The means of mechanochemical treatment is not particularly limited, but it is preferable to use, for example, a media disperser. As a media dispersing machine, a bead mill, a ball mill, a sand mill etc. are mentioned, A planetary type | mold rotary ball mill, a rolling ball mill, a vibration ball mill etc. can be used preferably.
As a commercial item of the media dispersing machine, "Drystar (registered trademark) SDA" (manufactured by Ashizawa Finetech Co., Ltd.); "Attoira" (manufactured by Japan Coke Industry Co., Ltd.); "Vibro Mill" (manufactured by Eurus Techno Inc.) “MB-1” (made by Chuo Kakohki Co., Ltd.); “TI-300” (made by CMT Co., Ltd.); “LP-M2” (made by Ito Seisakusho Co., Ltd.); “P-5” And the like.
Moreover, a common dry crusher can be used other than a media disperser. For example, an impact crusher such as a hammer crusher or a jet crusher such as a jet mill can be used.

  The diameter of the dispersion medium is preferably 30 mm or less, more preferably 20 mm or less, from the viewpoint of improving mechanochemical processing efficiency, and from the same viewpoint, preferably 1 mm or more, more preferably 5 mm or more. The shape of the dispersion medium is preferably spherical.

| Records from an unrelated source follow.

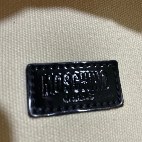 Bolsa LOVE Moschino. Bolsa de loneta color nude con detalles en charol negro. Con letras LOVE en charol negro. En buen estado, solo que la lo está se ha percudido y parece amarillenta en algunas zonas. Trae espejo en forma de corazón. Mide 34 cm x 20 cm x 14 cm. Tipo maletín de doctor.
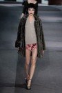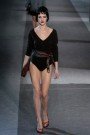 That was grunge-de-luxe what Marc Jacobs designed for Louis Vuitton. A bit ironic and provocative, but in a beautiful and sensual way. And melancholic. The set was a circular “hotel” constructed within the vast tent pitched in a Louvre courtyard. The wallpapered corridor housed 50 closed doors which the models opened and exited. The audience became voyeurs, as each “room” featured projections of hotel guests lounging and getting dressed, unaware of the scores of peering eyes.
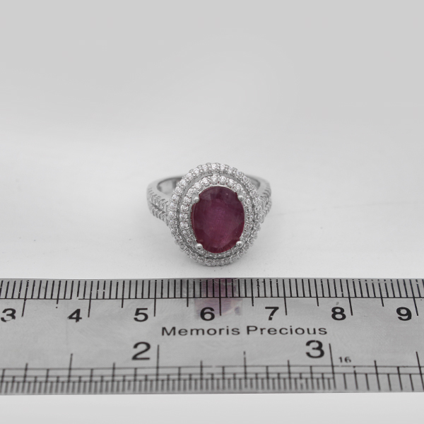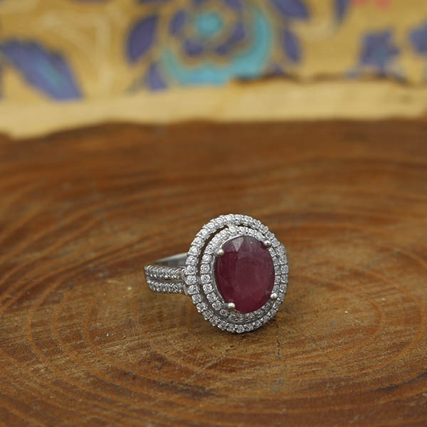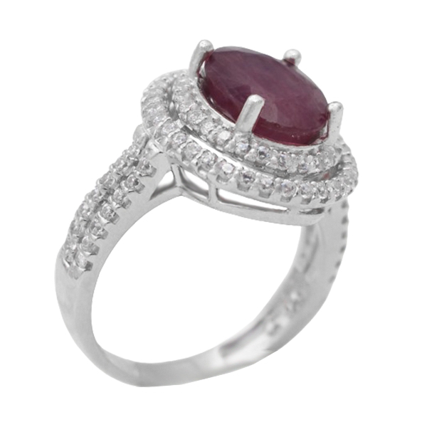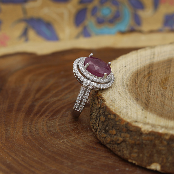 انگشتر یاقوت سرخ الماس تراش نقره زنانه طرح حریر
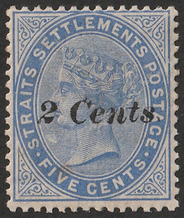 opt QV 8c/12c dull purple with '8 Cents' in BLUE instead of black. VF UN with excellent colour. Scott 68 cat US$11,000. SG 80b cat £11,000. Very rare genuine as only 1 pane of 60 printed & very few have survived. 1939 RPSL photo-cert while diff
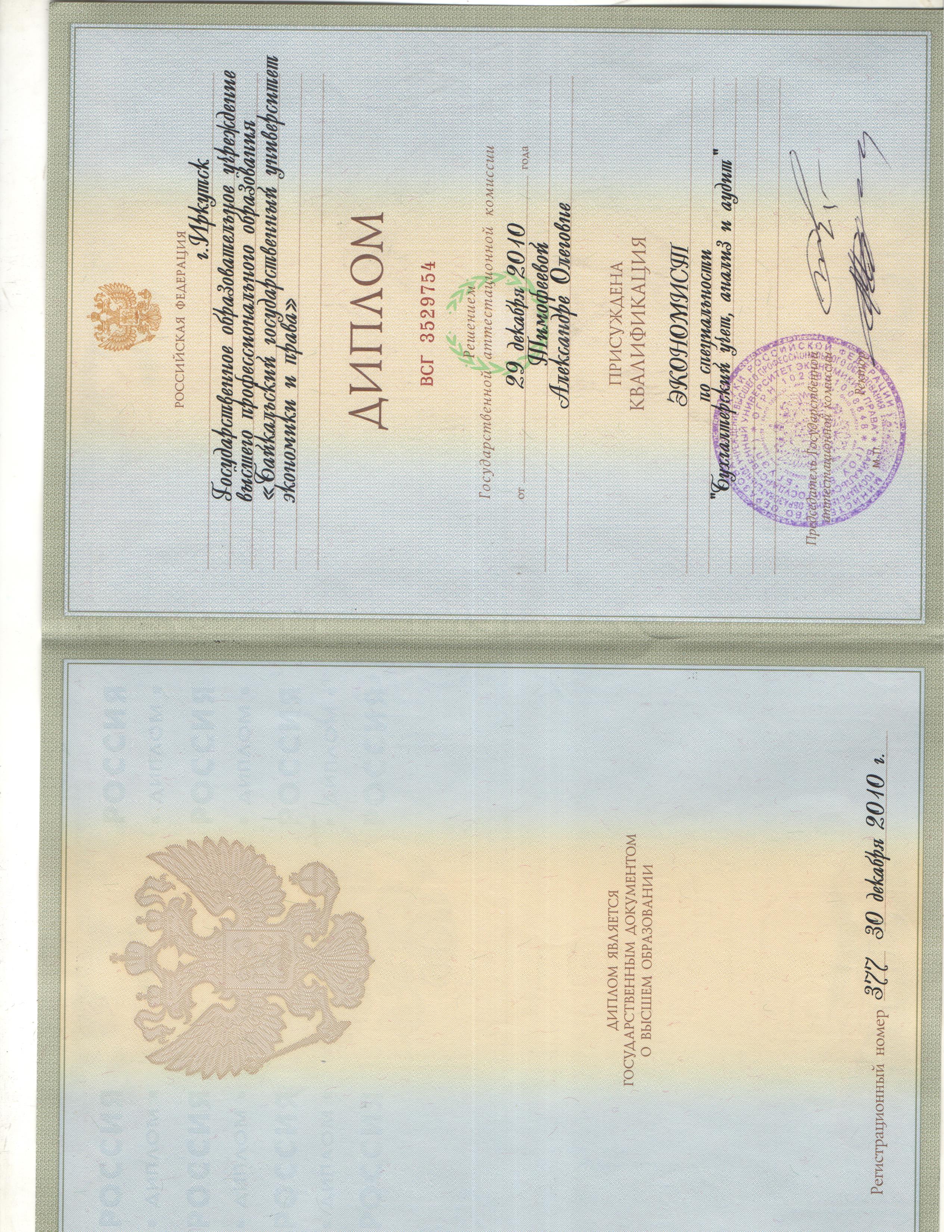 Образование по специальности: Бухгалтерский учет, анализ и аудит. Присвоена квалификация: экономист. Документ о получении образования: скачать
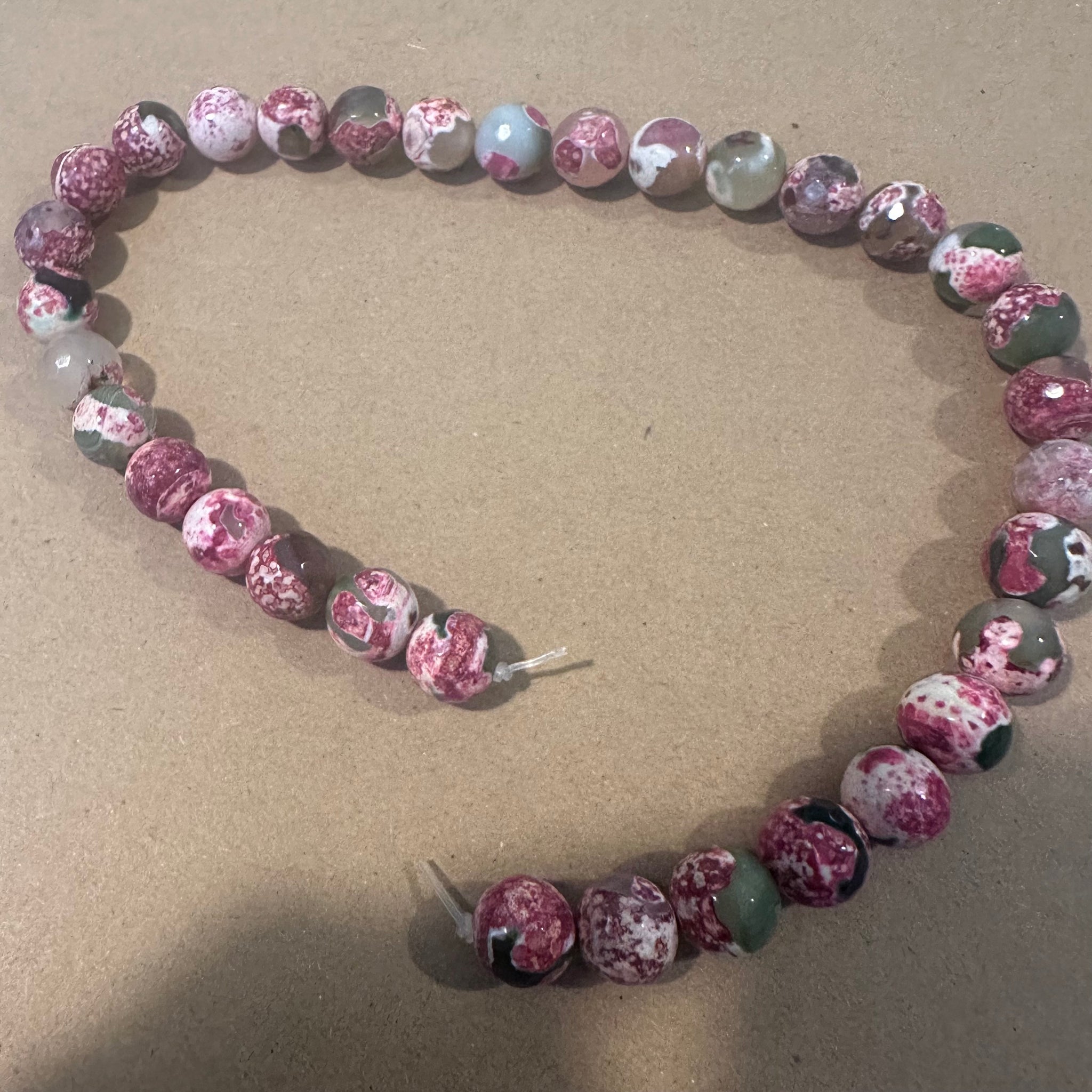 Type: agate Color: pink and green Style: facetedSize: 12mmHole size: 1.6 mmNumber of beads: about 33
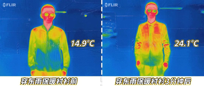 也就是说,穿着东雨冬季保暖衬衫比穿着衬衫加毛衣三分钟要多暖8.5℃!这保暖效果也是没谁了!
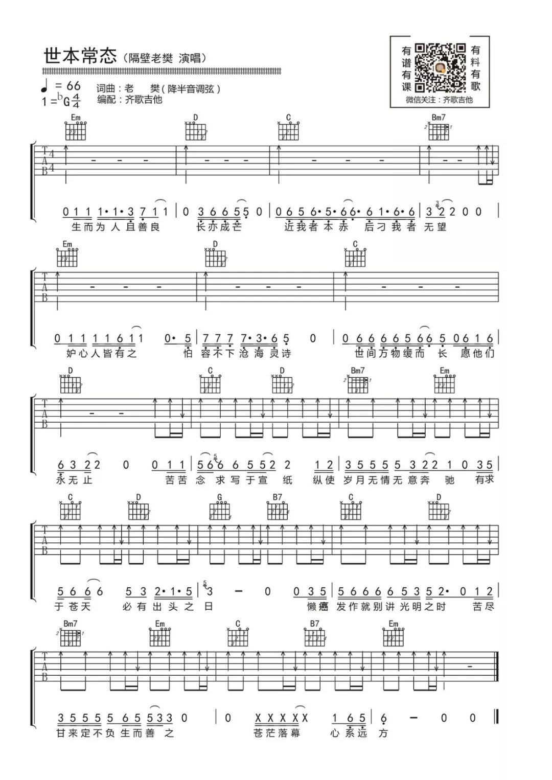 曲谱介绍: 隔壁老樊《世本常态》吉他弹唱谱,采用G调指法编配,共有1张高清图谱,免翻页排版设计。

  The material of the dispersion media is not particularly limited, but from the viewpoint of suppressing the mixing of metal impurities into titanium dioxide, media made of ceramics such as alumina, zirconia, silicon carbide, silicon nitride and the like are preferable.

  The filling ratio of the dispersion media in the media disperser container is preferably 30% by volume or more, more preferably 50% by volume or more, still more preferably 60% by volume or more, based on the space in the disperser container. Preferably it is 90 volume% or less, More preferably, it is 80 volume% or less. Within this range, effects such as crushing, shearing and collision by the dispersion medium are exhibited. The “filling factor” of the dispersion medium is represented by the ratio of the apparent volume of the packed beads to the space volume in the dispersing machine container. Here, the “apparent volume of beads” is a value obtained by dividing the mass of beads by the bulk density occupied by the beads, and the bulk density can be determined from the mass by filling the beads in a 1 L container.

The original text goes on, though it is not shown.